Tlamacazapa also lacks adequate sanitation. Animals live in the streets; dung and debris litter the steep roadways. A Canadian charity started constructing dry latrines, which turn waste material into fertilizer. Some locals apparently sleep in the small buildings to keep dry during the rainy season.

Although living in an inhospitable spot nearly three-hours drive south of Cuernavaca, the local population persists and centuries-old customs are kept alive by the virtual isolation. Many of the women in Tlamacazapa still only speak Nahuatl, an indigenous tongue, and wear traditional costumes, consisting of skirts, sandals and colorful shawls. Trips to the doctor are rare; the local curandera (healer) is frequently called upon.
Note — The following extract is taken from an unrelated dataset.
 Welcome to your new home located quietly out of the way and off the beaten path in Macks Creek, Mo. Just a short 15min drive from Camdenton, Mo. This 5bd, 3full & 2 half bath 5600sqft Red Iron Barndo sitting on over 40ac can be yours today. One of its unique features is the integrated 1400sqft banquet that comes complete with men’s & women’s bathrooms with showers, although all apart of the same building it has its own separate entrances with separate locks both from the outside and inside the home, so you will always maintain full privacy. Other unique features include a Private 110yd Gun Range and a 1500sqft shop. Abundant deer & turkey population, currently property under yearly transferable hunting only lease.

The isolation began in the 1500s shortly after the Spanish arrived. Legend has it the Indian population of Taxco fled into the hills to escape Hernan Cortes’ cruelty, settling on a mountainside they dubbed Tlamacazapa, which in Nahuatl means, “People of fear.” The basket-weaving industry reputedly took hold shortly thereafter, but no one knows its exact history. According to Lopez, the locals originally made petates (coarsely-woven mats).
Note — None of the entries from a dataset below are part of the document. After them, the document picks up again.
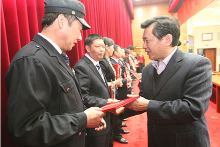 您現在的位置是:首頁 > 集團要聞 集團公司參加“中國道路運輸風范人物領袖品牌事跡報告會” 次 集團要聞 發布時間:2014-03-25 17:31:10 集團公司參加“中國道路運輸風范人物 領袖品牌事跡報告會” 2014年3月24日,“中國道路運輸風范人物領袖品牌事跡報告會”在交通運輸部機關舉行。報告會集中展示了“中國道路運輸風范人物”和“中國道路運輸領袖品牌”的優秀事跡、先進經驗和發展理念。濟宇高速總經理康嶺、集團公司黨委組宣部副部長劉東方、濟宇高速總技術指導師賈湘鳴參加了報告會,會上,賈湘鳴作為“最美客車駕駛員集體”的代表,得到了交通運輸部黨組成員、副部長馮正霖的親切接見。 “中國道路運輸風范人物領袖品牌事跡報告會”現場 交通運輸部黨組成員、副部長馮正霖為賈湘鳴頒獎 賈湘鳴與交通運輸部黨組成員、副部長馮正霖合影留念 (黨委組宣部)
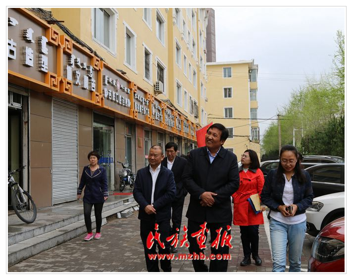2017年5月3至4日,內(nèi)蒙古自治區(qū)民委副主任薩楚日勒圖(前左二)、語文處處長曹雙喜(前左一)檢查呼和浩特市的蒙漢雙語牌匾情況(民族畫報資料)
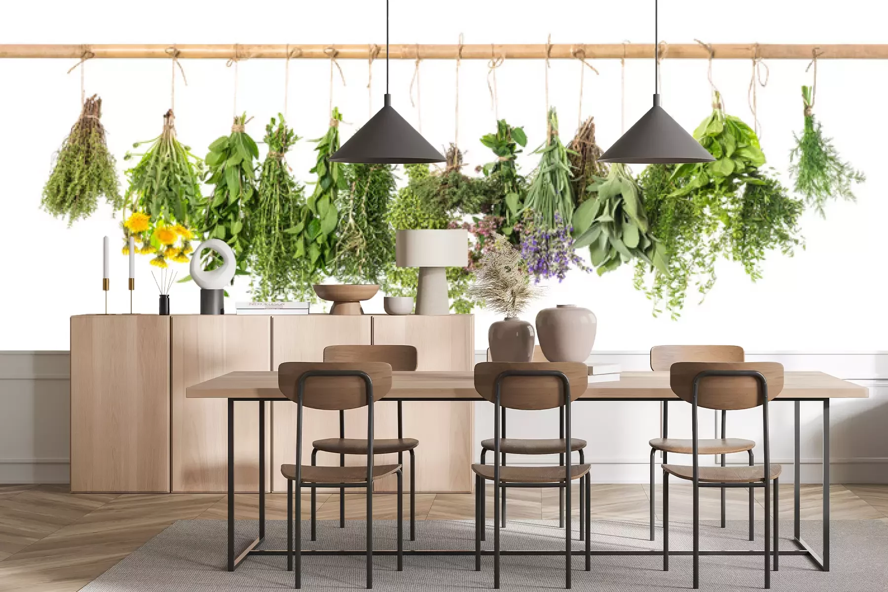Grüne Kräutersträuße hängen an einem ZweigFototapete

The isolation lasted until the first half of the 1900s, when a bumpy road connecting Tlamacazapa with the outside world was finally constructed. Electricity – enough to barely power a small appliance in the average customer’s home – and a few telephone lines also arrived.

“The people never used to leave,” Lopez said.
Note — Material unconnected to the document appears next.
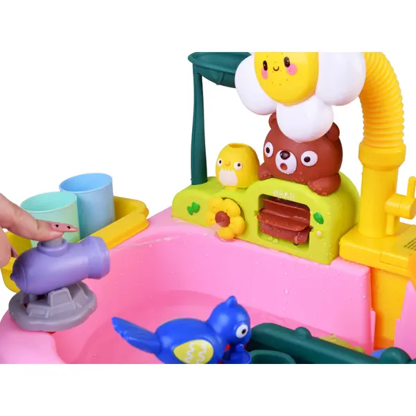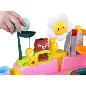A működő „zuhany”, a csúszda és a vízben mozgó elemek órákra lekötik a gyerekeket: lehet locsolni, halacskákat „horgászni”, a kis csónakkal játszani, vagy a játék gyümölcsöket és zöldségeket „megmosni”. A játék közben fejlődik a kézügyesség, a szem-kéz koordináció és a képzelőerő.
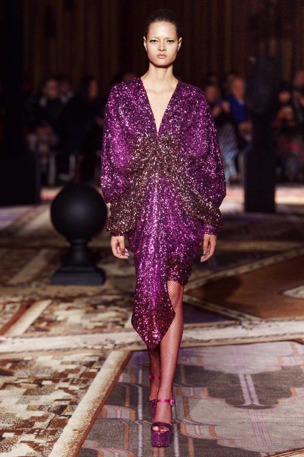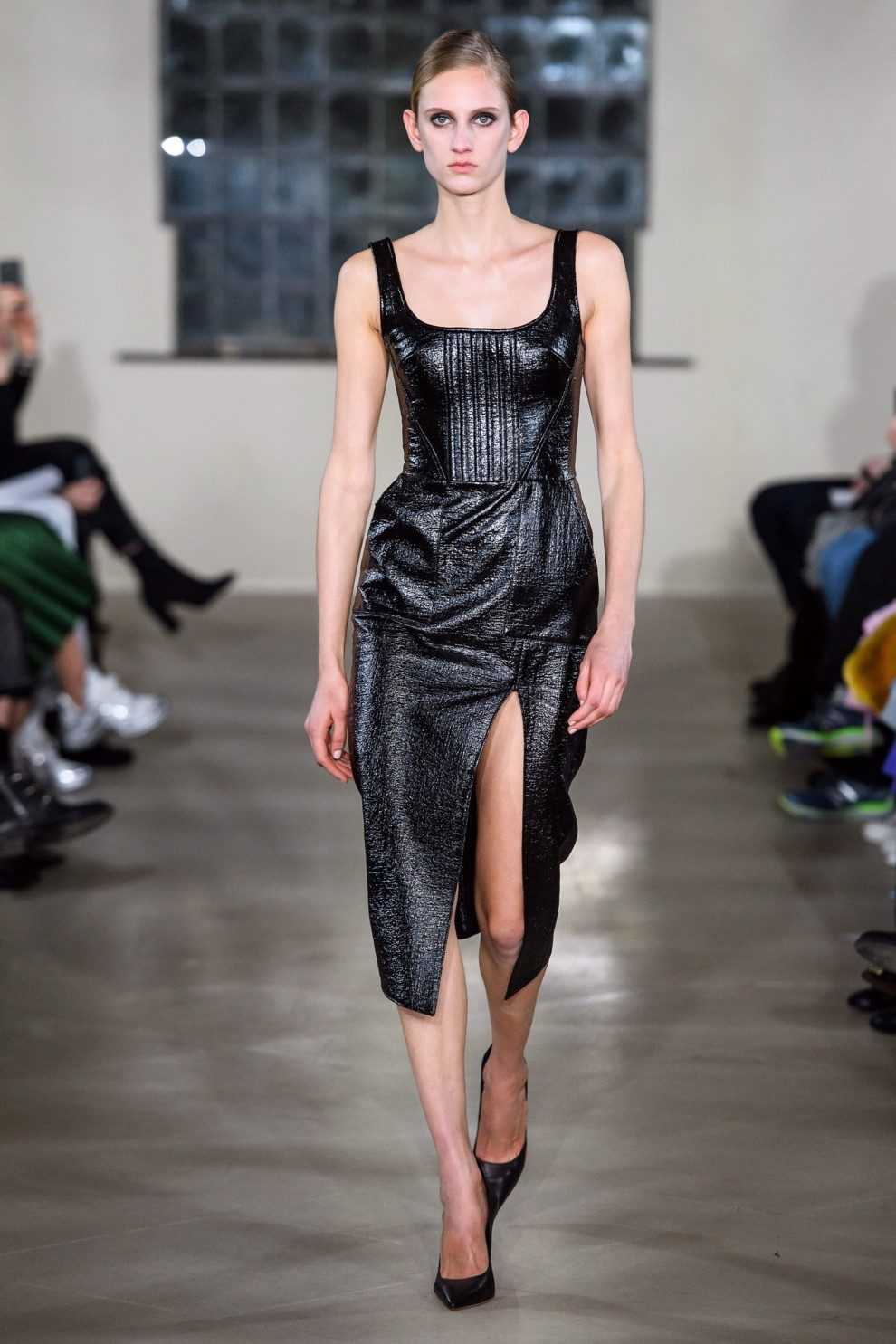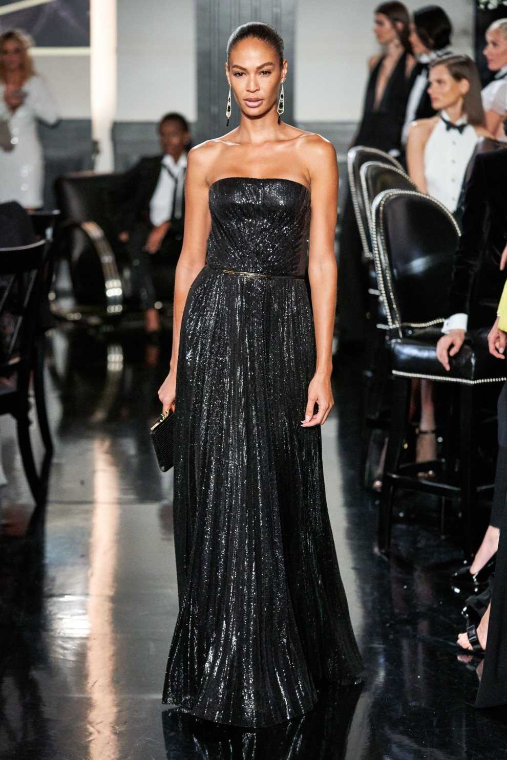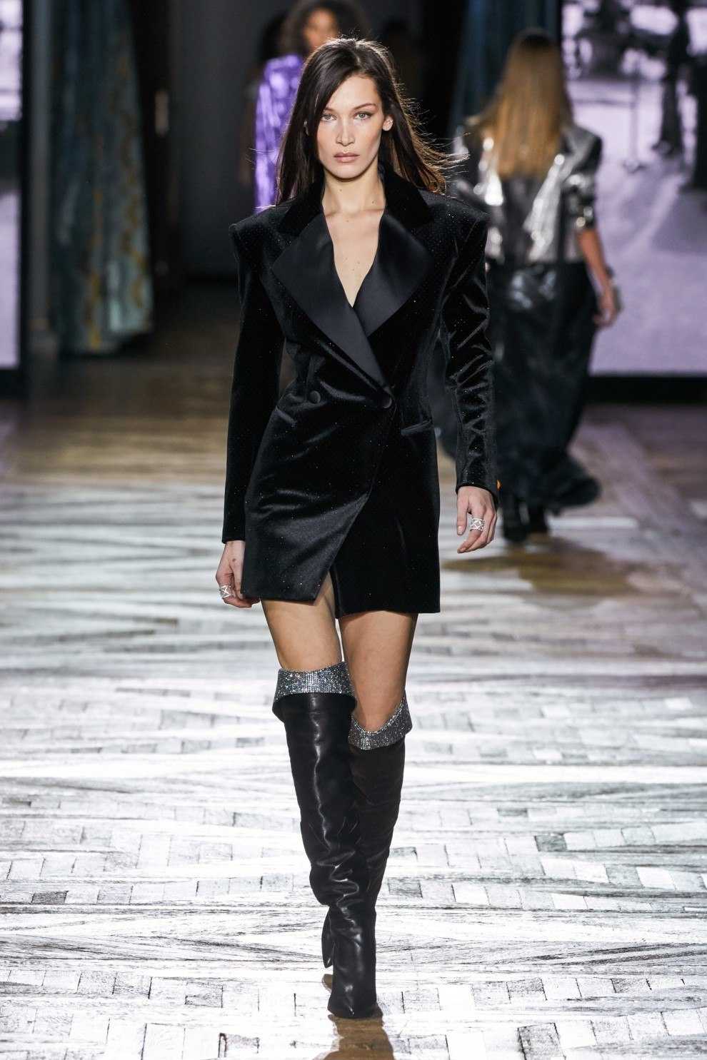 Alberta Ferretti продемонстрировали черный тотал-лук из платья с длинной бахромой и лаконичного полупальто.

Nowadays, many men from the town fan out across Mexico, hawking baskets of all shapes and sizes. Prices depend mainly on the distance the sellers travel and the basket size. The women stay behind, producing additional baskets and maintaining households.
Compared to some of his peers, Lopez sticks pretty close to home. On an average weekend, he sells between one and three baskets in Cuernavaca. Foreigners sometimes take home baskets, but “Pochos,” Mexicans back visiting from the United States, purchase more.

“They’re good customers,” he commented. “They pay well.”

Foreigners buy too, “But only when they’re on vacation.”

When working in Cuernavaca, he crashes in a room rented by his sons.

In addition to haggling with stingy customers, Tlamacazapa vendors like Lopez often battle with unscrupulous local officials, who sometimes demand exorbitant fees for permits and confiscate merchandise when payment isn’t forthcoming.

“Sometimes they seize our merchandise and remove it from the area,” he explained.

Buyers frequently travel up the rocky roadway dotted with political posters, roadside crosses and impromptu garbage dumps between Tlamacazapa and Buenavista, Guerrero (another road runs to Taxco, the municipal seat), but they seldom offer fair prices. Lopez occasionally sells to the middlemen, but only when desperate.

“Sometimes if you need food, you’ll sell,” he said.

According to Lopez, “The first time a buyer comes he offers a fair price.” But with each subsequent visit, the prices become less generous. A typical buyer offers only 80 pesos for a large basket. The palm leaves needed for weaving a typical basket often cost the same amount.

To save money, Lopez and his fellow vendors sometimes forgo taking a 20-peso combi ride to Buenavista or Taxco, instead trekking three hours along a mountainous path, which connects the town with a major highway junction.

“Sometimes I walk, hauling my merchandise, when I don’t have enough bus fare,” Lopez explained.

Additionally, Lopez often scours the nearby countryside for palm leaves to save a few pesos. The palm leaves are cut and painted prior to weaving. Each piece is methodically incorporated into the design.

Although it’s a tough way to eke out a living, Lopez seldom complains. He cheerfully recounted stories of living in Tlamacazapa and his adventures selling baskets during a recent visit by foreigners. His daughter Erika, a bubbly 14-year-old with a bright smile and playful nature, acted as a guide. Like many teenagers, she stopped attending school, even though the town has a telesecundaria (a junior high school with instruction via television). Most Tlamacazapa residents marry young.

And the vast majority will continue weaving baskets for the foreseeable future. As Lopez put it: “Here, we don’t have any other work except for the baskets.”